Work item ▸
Everything from the line with "Minetom Damen Elegant" to the end of the data below, both lines included, should be transcribed exactly; please omit the pictures.

Exercise data ▸
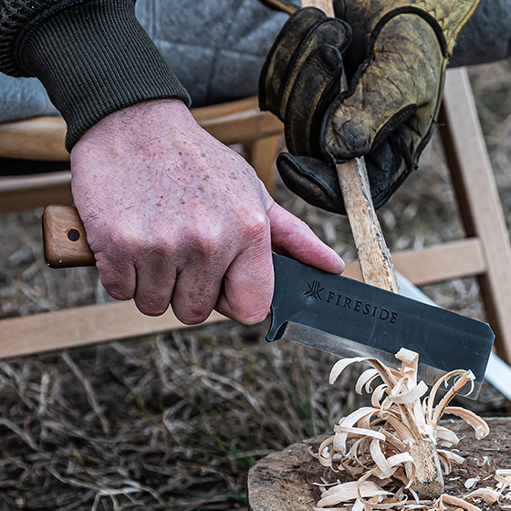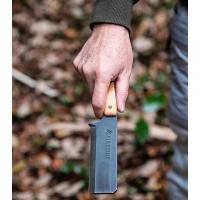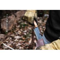 刃の形状は両刃仕様となっており、焚き付け用の薪割作業や細工、フェザースティック、バトニングに重宝します。
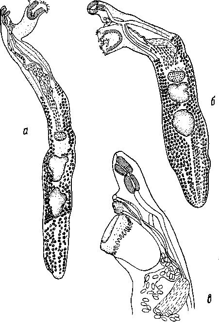 а - марита о брюшной присоской на стебельке; б — марита с сидячей брюшной присоской; в — срез через передний конец тела
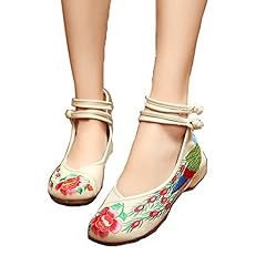 Minetom Damen Elegant Doppel-Bgel Ethnische Bestickte Schuhe Tanzschuhe Niedrigem Keil Ballerina Mary Jane Blumen Flache
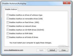 Disable Autorun/Autoplay is a freeware to disable or enable the Autorun/Autoplay feature of Windows, online help will be available on disableautorun.com, no complex operations, very easy to use. Similar Software

Response to the exercise ▸
 Minetom Damen Elegant Doppel-Bgel Ethnische Bestickte Schuhe Tanzschuhe Niedrigem Keil Ballerina Mary Jane Blumen Flache
 Disable Autorun/Autoplay is a freeware to disable or enable the Autorun/Autoplay feature of Windows, online help will be available on disableautorun.com, no complex operations, very easy to use. Similar Software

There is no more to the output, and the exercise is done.